Character Sets

Introduction

"Character sets" are standards established for two main purposes: education and computing. In both China and Taiwan, national educational standards have been incorporated into the character sets used in computers. An excellent place to begin learning about Chinese, Japanese, and Korean (CJK) character set standards is the introductory chapter in Ken Lunde's book CJKV Information Processing: [CJKVInfoProc.Chap1.pdf]

"Encodings" map character sets to hexadecimal integers. Hexadecimals are base-16 numbers, written using 0-9 (for 0-9) and A-F (for 10-15) as digits. The encoding orders the characters in the set and assigns a value to each, known as a "code point."

"Character encoding forms" or "transformation formats" map the encoding's code points to units of data that your computer can understand.

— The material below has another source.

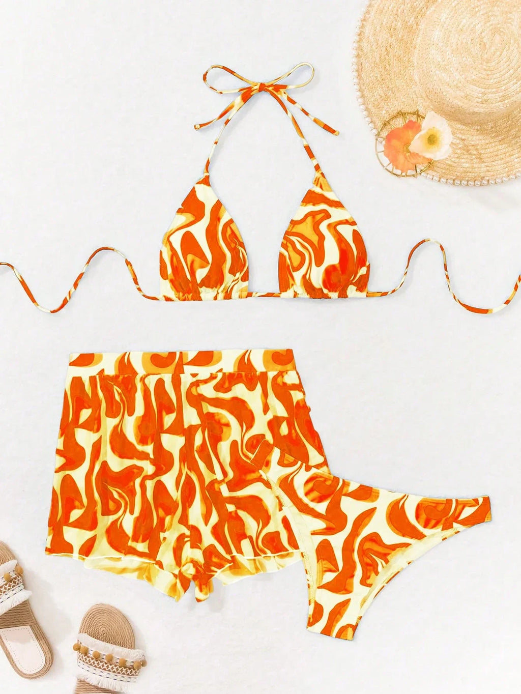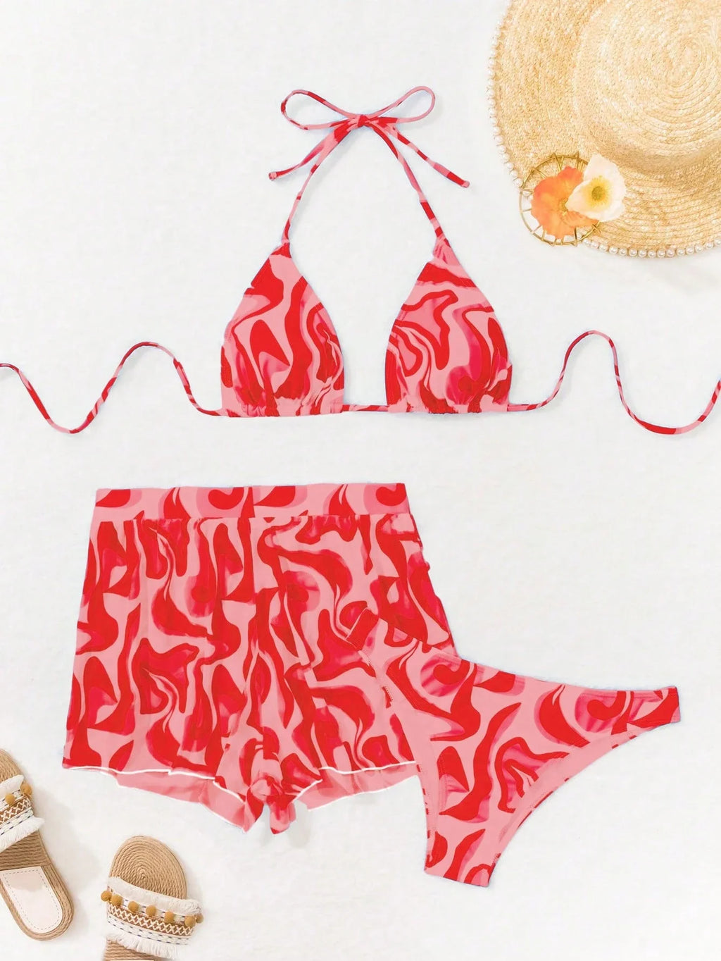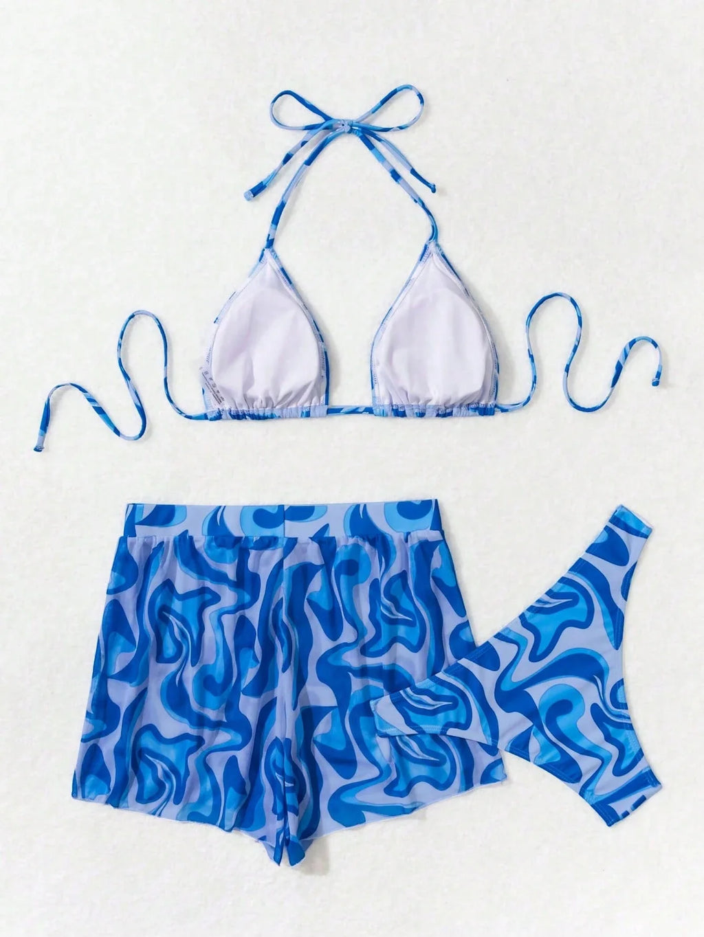 Swim Vcay 3 peças/Conjunto Maiô Bikini Impresso Aleatório para Praia/Férias

This electronic data is conceived as sequences of binary digits (known as "bits") with a value of either 0 or 1. Until recently, most systems used 8-bit sequences (known as "bytes" or "octets") to process text, for which there are 256 possible sequences. These are represented by two-digit hexadecimal code points (00-FF, a total of 256 values). Obviously, this is not sufficient for the many thousands of Chinese characters, known as hanzi in Chinese, kanji in Japanese, and hanja in Korean. "Double-byte" character encoding forms use two bytes for each character, represented as four-digit hexadecimal code points (0000-FFFF, a total of 65,636 values).

Most recent systems use 16-bit sequences to process text. Mac OS X, for example, uses the Unicode 16-bit character encoding form, UTF-16. Nonetheless, double-byte encodings are a legacy of 8-bit data processing that will be with us for years to come, especially on the Internet. HTML (web pages) and MIME (email) are 8-bit protocols. Unicode has an 8-bit encoding form, UTF-8. The encodings discussed below all have an official "charset name" registered with the Internet Assigned Numbers Authority (IANA). These names are used to identify the encoding of web pages and email.

A good way to learn about the evolution of Chinese character-set standards is to follow the history of the supplements to Adobe's "character collections" for its fonts:

Adobe-GB1: https://github.com/adobe-type-tools/Adobe-GB1

  • The current version is Adobe-GB1 Supplement 5 (2005), which supports GB 18030-2000, plus the Yi (Sichuan) character set from GB18030-2005.

Adobe-CNS1: https://github.com/adobe-type-tools/Adobe-CNS1

  • The current version is Adobe-CNS1 Supplement 7 (2017), which supports CNS 11643-1992 Planes 1 and 2 (i.e., Big Five) and HKSCS-2016.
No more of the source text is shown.